Influence of the specific surface area of Stöber silica additives on the electrochemical properties of negative electrodes in lead-acid batteries

Abstract

Abstract The surface area of carbon additives has been described as a key property for the enhancement of cycling stability and dynamic charge acceptance (DCA) of negative lead-acid electrodes. However, it is still uncertain if similar performance enhancing effects can be achieved by other inorganic additives of similar structure, or if the electrochemical activity of carbon additives is mandatory for the enhancing effects. In order to elucidate the importance of structure and electrochemical activity of high DCA additives, Stober silica with tailorable particle size and specific external surface area were prepared and incorporated into negative lead-acid electrodes, combined with the addition of carbon black to ensure high cycling stability.

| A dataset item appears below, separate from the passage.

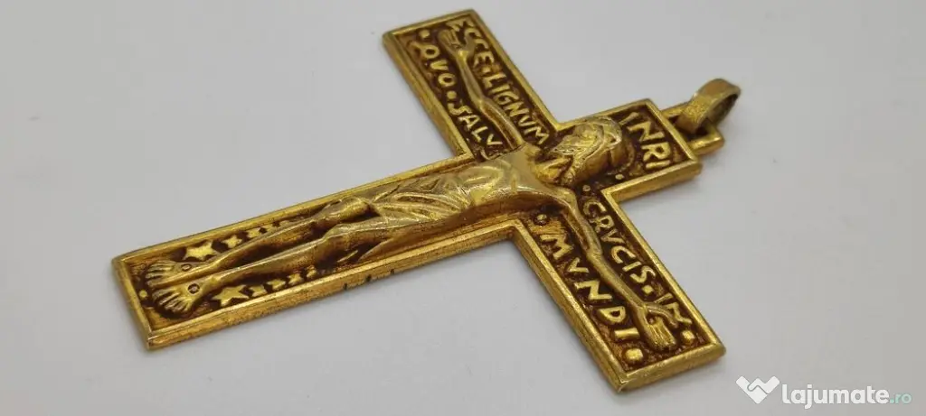 Cruciuliță veche din metal aurit.Dimensiuni în poze.Preț 40 lei plata în cont raiff.expediere cu poșta 15 lei.

The properties and electrical performance of the negative active material were investigated by electrical tests in 2\xa0V laboratory cells and different physical characterization methods. The overall electrochemical activity in terms of hydrogen evolution and double-layer capacitance was not affected by the silica additive and therefore is also independent of the external surface area. In addition, the silica particles led to a slightly reduced, though steady, mass utilization and discharge capacity. Finally the DCA could not be improved by the Stober silica additives, which excludes Stober silica as high DCA additive. In addition, since the DCA performance has not been increased, despite the broad specific surface area range of the additive particles utilized, this study provides a clear indication that the performance enhancement observed with carbon additives also relies on their electrical conductivity.